整合奈米孔、固態浸没透鏡及支撐結構於近場光學系統之應用

Abstract

奈米孔與固態浸沒透鏡是在近場光學系統中，常用來克服繞射極限和縮小光記錄點的兩項技術。根據以往研究指出，若將奈米孔與固態浸沒透鏡結合，可使入射於奈米孔的光功率密度增加，因此光出射效率相對得以提升，且光記錄點可達奈米等級。而奈米孔與固態浸沒透鏡兩者的大小相差百倍以上，所以將兩者精確的對準是一大問題。之前學者利用背向曝光的方式克服此問題，卻在最後的結果發現無法實際運用在近場光學系統中。因此本論文之研究重點是利用奈/微米機電技術製作出一支撐結構，能結合奈米孔與固態浸沒透鏡且可實際的運用在光學系統中，其中支撐結構與奈米孔是利用聚焦離子束蝕刻製作，而固態浸沒透鏡則是利用熱回流製程方式製作。 在製作結果方面，能精確的製作1μm的連接臂，100nm、200nm和300nm的奈米孔其尺寸誤差在5%之內，而直徑15μm的固態浸沒透鏡也能成功的製作出。在遠場量測結果方面，證實固態浸沒透鏡可縮小光點，且在奈米孔上增加固態浸沒透鏡可增加1.216倍的光穿透率。 由製作與量測結果可以得知增加支撐結構不會影響奈米孔與固態浸沒透鏡的製作，且能使奈米孔與固態浸沒透鏡實際運用在光學系統中。

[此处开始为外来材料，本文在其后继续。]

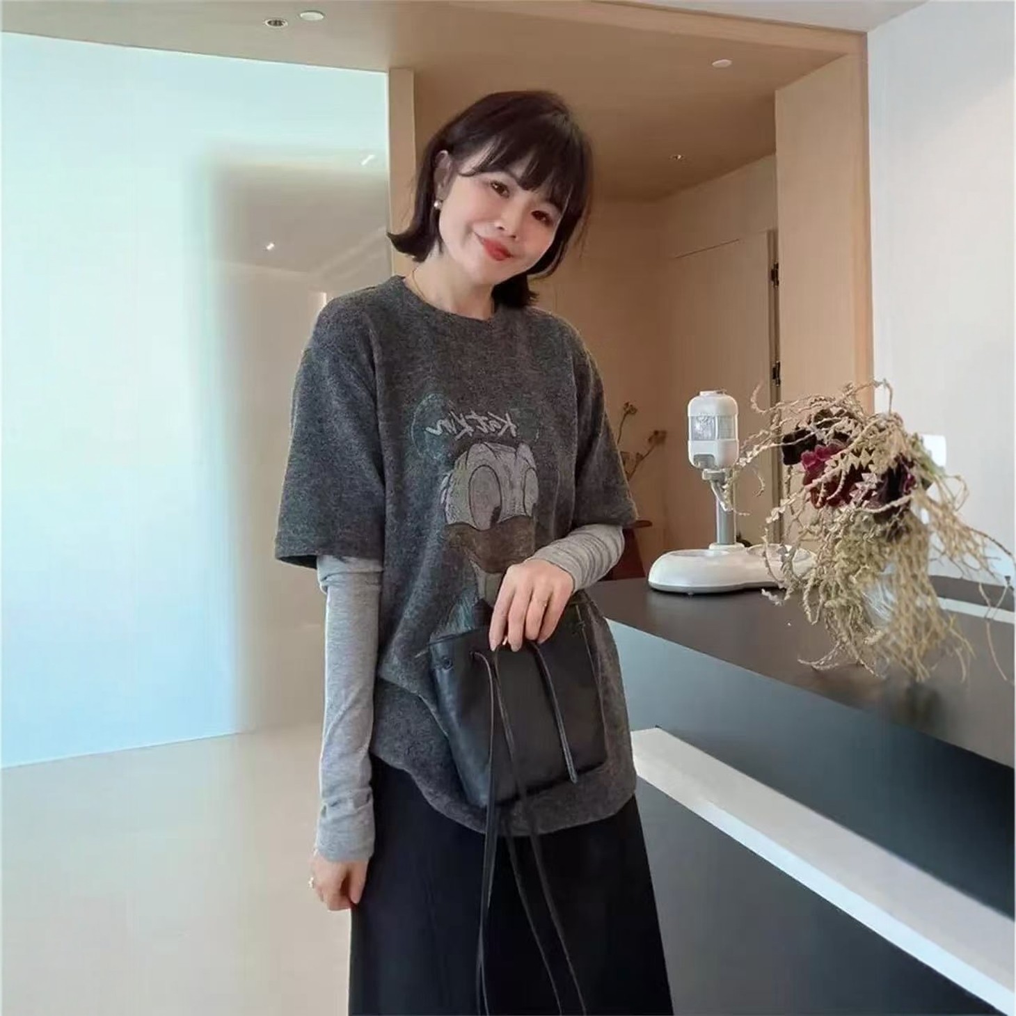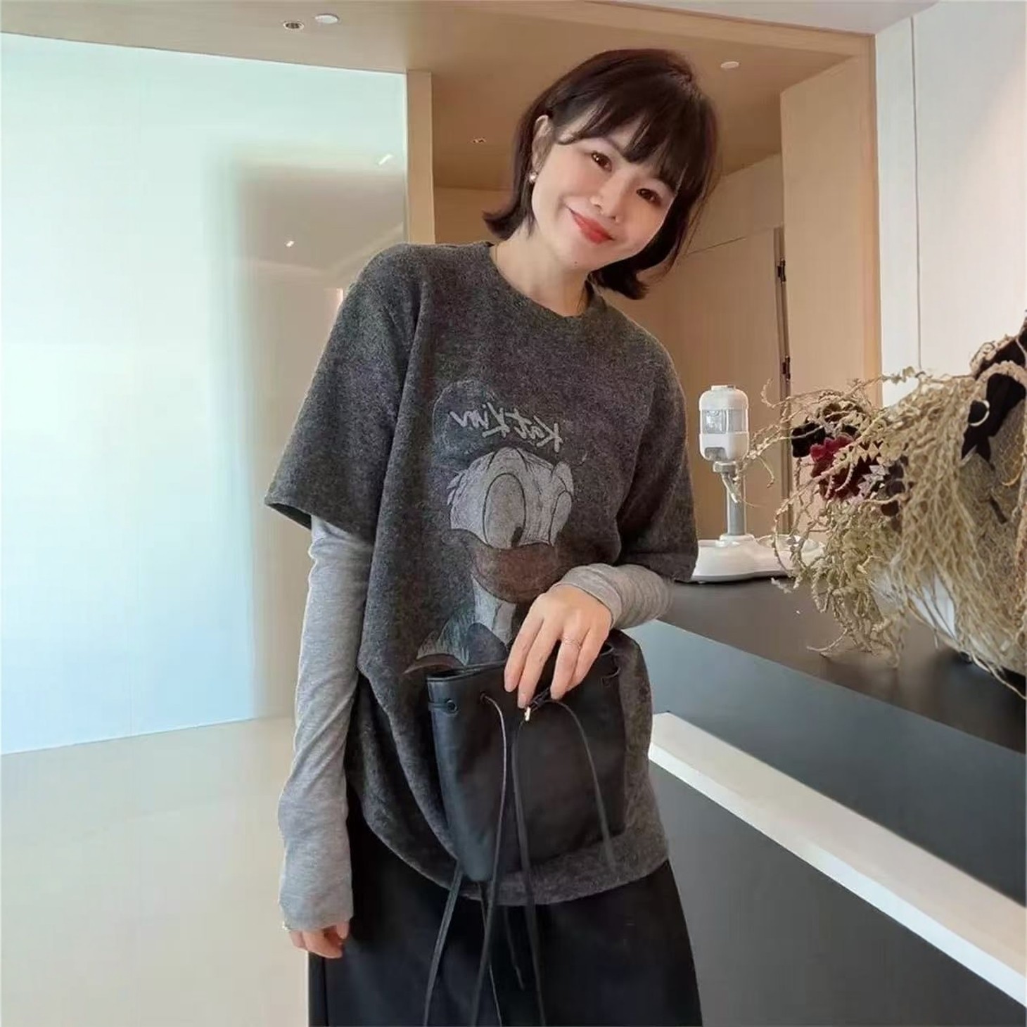 印花唐老鸭圆领假两件长袖t恤女

For near-field optical systems, Aperture and Solid Immersion Lens（SIL） that are popular techniques can overcome light diffraction limit and reduce spot size. According to previous researches, nano-aperture combined with SIL can improve the throughput owing to greater power densities at the aperture and reduce spot size to nano grade. However, the misalignment between the SIL and nano-aperture always occurred in assembling or bonding step. Earlier academic advanced a self–alignment technique to overcome the misalignment. But the method lack practical application in optical systems. In this thesis, the supporting structure can solve the problem. In fabrication results, the supporting structure can be made accurately. About nano-aperture ,100nm、200nm and 300 nm aperture are fabricated and the maximum error is less than 5% in comparison with the designed values. The SIL also can be made successfully. From the measurement results of far-field system, manifest that SIL can reduce spot and the 15μm-diameter SIL/300nm-diameter circular aperture component has 1.216 times enhancement of transmission compared with 329nm-diameter aperture alone. Basing on the measurement results, the supporting structure make the SIL and nano-Aperture more feasible.